What the task asks:
Please report how many lines of the listing contain the string "with", giving the number only.

Extracted entries:
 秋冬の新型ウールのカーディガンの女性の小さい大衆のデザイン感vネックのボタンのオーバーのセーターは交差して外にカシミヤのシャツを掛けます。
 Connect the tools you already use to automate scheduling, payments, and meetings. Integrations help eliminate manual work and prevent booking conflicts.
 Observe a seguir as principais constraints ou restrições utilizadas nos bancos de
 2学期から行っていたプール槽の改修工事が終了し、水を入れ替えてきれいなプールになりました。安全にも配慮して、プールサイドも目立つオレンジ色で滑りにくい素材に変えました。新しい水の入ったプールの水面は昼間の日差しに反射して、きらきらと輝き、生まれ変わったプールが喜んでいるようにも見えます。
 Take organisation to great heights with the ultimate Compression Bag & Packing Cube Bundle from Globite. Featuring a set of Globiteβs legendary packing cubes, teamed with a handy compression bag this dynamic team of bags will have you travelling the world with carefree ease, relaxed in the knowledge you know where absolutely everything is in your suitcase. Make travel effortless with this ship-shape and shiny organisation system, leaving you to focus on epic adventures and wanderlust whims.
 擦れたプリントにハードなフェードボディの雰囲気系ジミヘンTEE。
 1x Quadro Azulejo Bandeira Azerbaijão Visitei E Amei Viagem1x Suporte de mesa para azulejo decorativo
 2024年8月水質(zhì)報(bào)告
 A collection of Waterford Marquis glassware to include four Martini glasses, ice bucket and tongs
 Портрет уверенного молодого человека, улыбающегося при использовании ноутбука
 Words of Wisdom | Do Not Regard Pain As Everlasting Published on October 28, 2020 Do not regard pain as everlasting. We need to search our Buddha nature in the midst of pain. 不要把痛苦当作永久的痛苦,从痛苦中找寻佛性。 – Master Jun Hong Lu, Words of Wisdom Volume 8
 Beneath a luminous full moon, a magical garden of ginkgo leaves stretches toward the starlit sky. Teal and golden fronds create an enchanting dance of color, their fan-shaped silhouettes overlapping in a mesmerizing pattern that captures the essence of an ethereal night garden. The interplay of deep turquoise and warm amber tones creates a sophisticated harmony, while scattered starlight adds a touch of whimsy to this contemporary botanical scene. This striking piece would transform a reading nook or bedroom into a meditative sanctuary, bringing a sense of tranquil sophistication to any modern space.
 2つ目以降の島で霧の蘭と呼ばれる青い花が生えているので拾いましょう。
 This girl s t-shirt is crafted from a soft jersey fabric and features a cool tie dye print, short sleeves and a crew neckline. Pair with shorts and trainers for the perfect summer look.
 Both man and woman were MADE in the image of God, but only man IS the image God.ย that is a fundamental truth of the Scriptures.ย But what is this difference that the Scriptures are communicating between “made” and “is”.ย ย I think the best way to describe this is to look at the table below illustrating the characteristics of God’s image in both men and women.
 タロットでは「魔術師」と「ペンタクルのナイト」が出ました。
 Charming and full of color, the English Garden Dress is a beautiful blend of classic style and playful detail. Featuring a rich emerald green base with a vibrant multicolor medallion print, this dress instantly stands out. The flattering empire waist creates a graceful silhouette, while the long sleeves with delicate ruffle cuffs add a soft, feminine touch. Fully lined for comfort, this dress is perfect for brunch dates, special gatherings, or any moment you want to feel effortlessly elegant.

Response to this exercise:
3